The old woman behind the counter looked down suspiciously over her cat-eye glasses at the scene below but smiled in spite of herself. The women shoppers forgot all about pastries and gathered around my sons, admiring their squashes. Popeye Mike was talking of zucchini muffins and zucchini donuts and even mulled the viability of chocolate frosted zucchini bars.
“Did we win?” I asked.
“Did you win! Did you win!” He stood up guffawing, and walked back to the counter. “Look!”
Displayed in a basket on top of the counter was our competition. A dozen or so dark green zucchinis no bigger than a submarine sandwich. Popeye Mike took each of our squashes and placed them on the counter next to the basket. They were bigger than their competitors combined.

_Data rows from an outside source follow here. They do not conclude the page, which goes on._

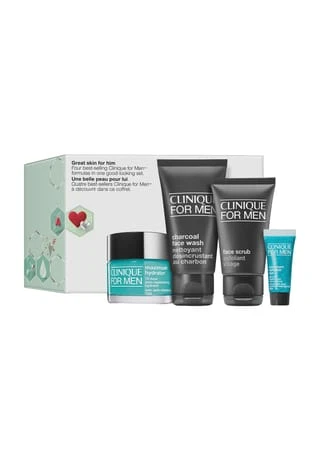 Die erfrischende Gel-Creme erhöht den Feuchtigkeitsgehalt der Haut im Handumdrehen und lang anhaltend, das federleichte Hydro-Filler Concentrate hydratisiert die sensible Haut der Augenpartie optimal. Das Face Wash bildet einen sanften Schaum, der Unreinheiten porentief entfernt, ohne die Haut auszutrocknen, das Peeling befreit die Haut von abgestorbenen Schüppchen und bereitet sie bestens auf die Rasur vor. Clinique vereint mit diesem Set vier Skincare-Highlights für ihn in einem Set, das sich hervorragend verschenken lässt.
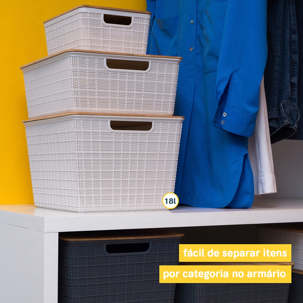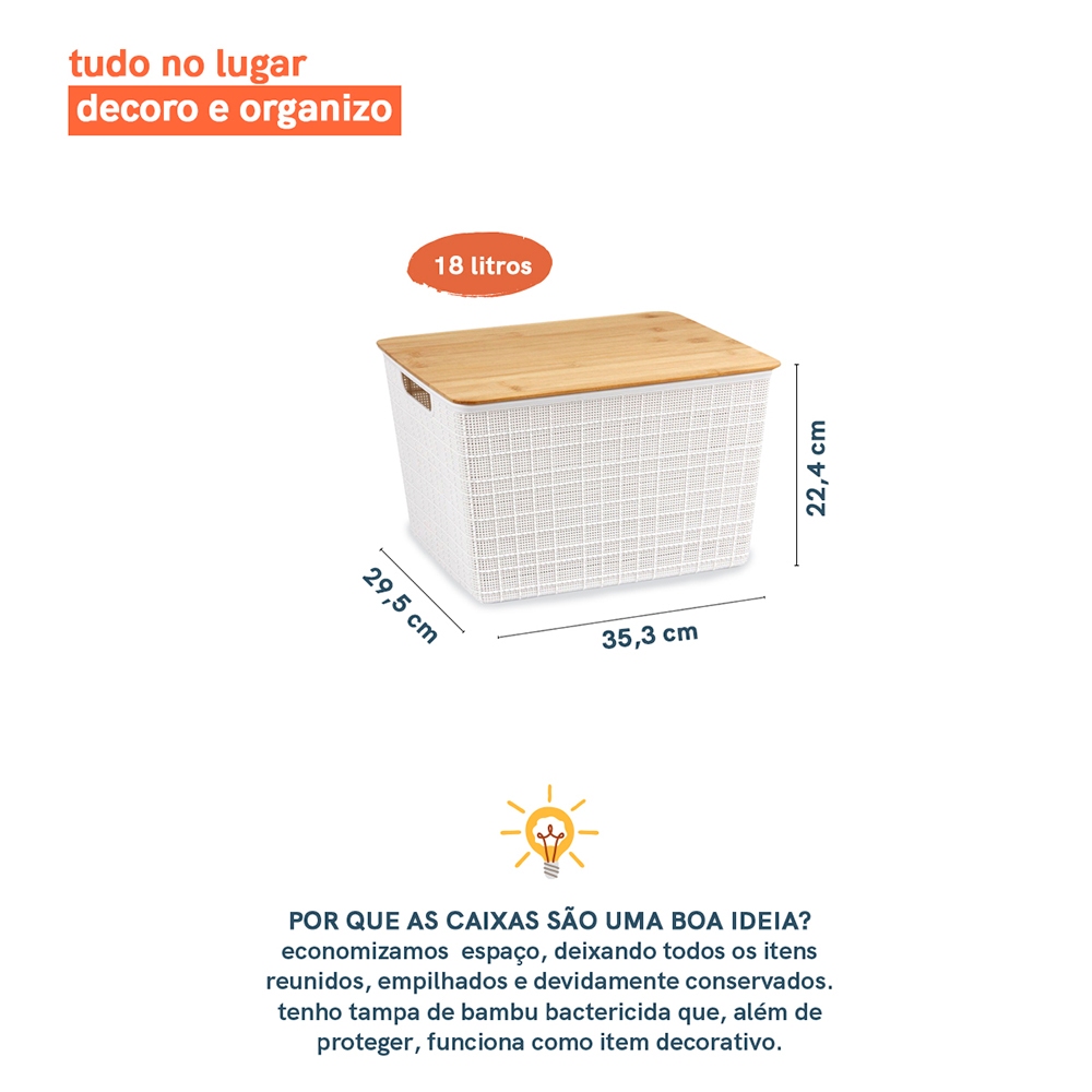 Caixa Organizadora com Tampa de Bambu 18l Oikos
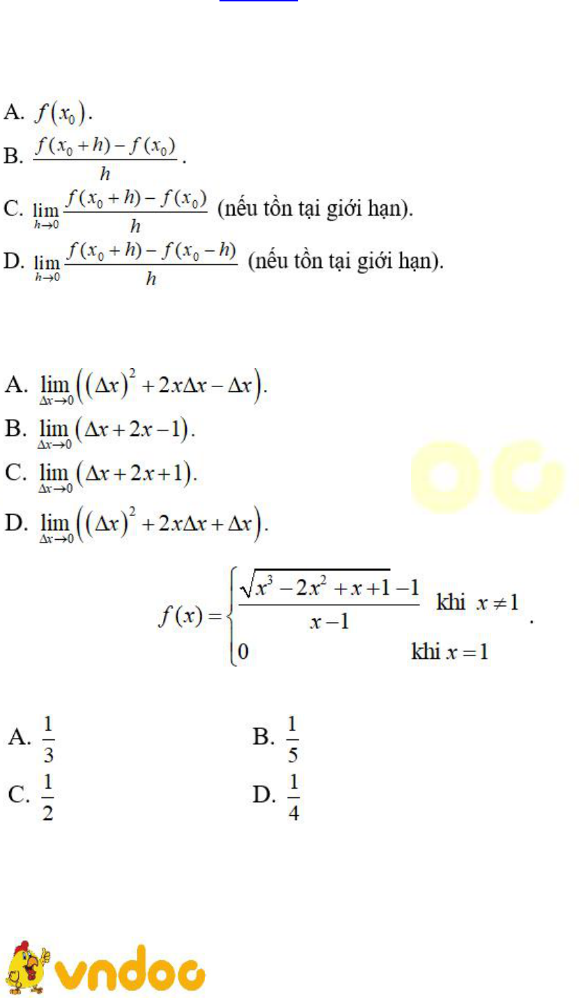 Trên đây VnDoc.com vừa giới thiệu tới các bạn Đề kiểm tra 1 tiết Chương 5 Đại số lớp 11 - Đề 2, mong rằng qua bài viết này các bạn có thể học tập tốt hơn môn Toán lớp 11. Mời các bạn cùng tham khảo thêm kiến thức các môn Ngữ văn 11, Tiếng Anh 11, đề thi học kì 1 lớp 11, đề thi học kì 2 lớp 11...
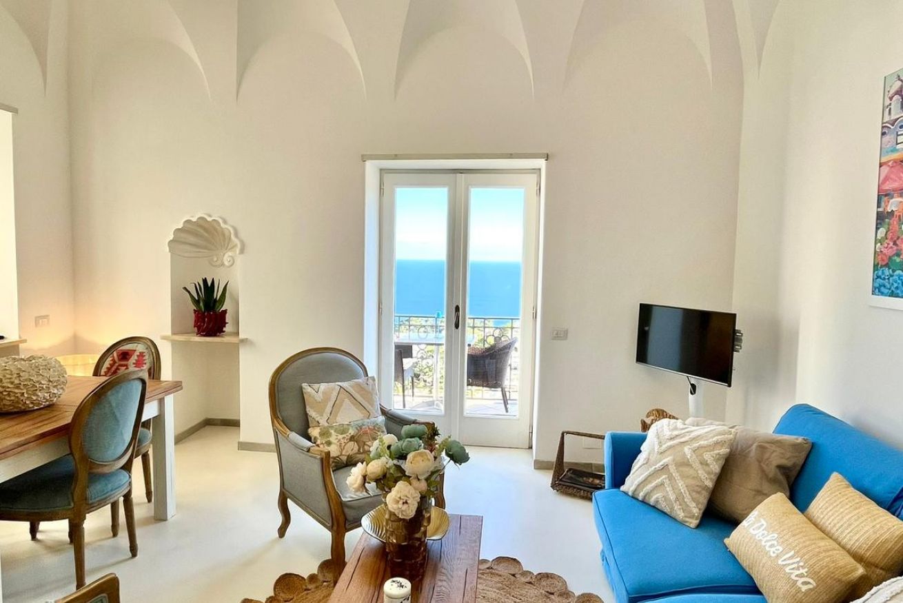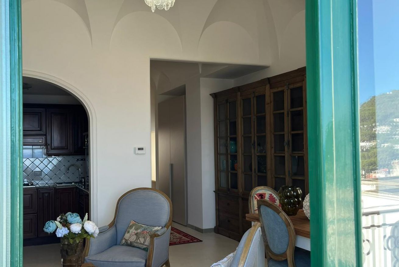 Nel centro di Capri, elegante appartamento con splendida vista mare. Dispone di 1 camera matrimoniale, soggiorno con 2 divani letto e 2 bagni moderni. Posizione ideale per muoversi a piedi tra ristoranti, negozi e le bellezze dell’isola. Perfetto per coppie, famiglie o piccoli gruppi in cerca di comfort e panorama unico.

Popeye Mike held his paunch and laughed harder.
“You just won first and second place! Boys, why don’t you pick out a cookie while I settle up with your Ma.”
We are rich, I thought to myself, on the ride home.
On the seat next to me was a cinnamon coffee cake, a dozen dinner rolls, and two loaves of fresh, not day old, seven-grain bread. The boys were grinning in the back seat, their mouths filled with the sweetness of warm chocolate chip cookies.
Who needed money, anyway? Not us squash farmers. Not today.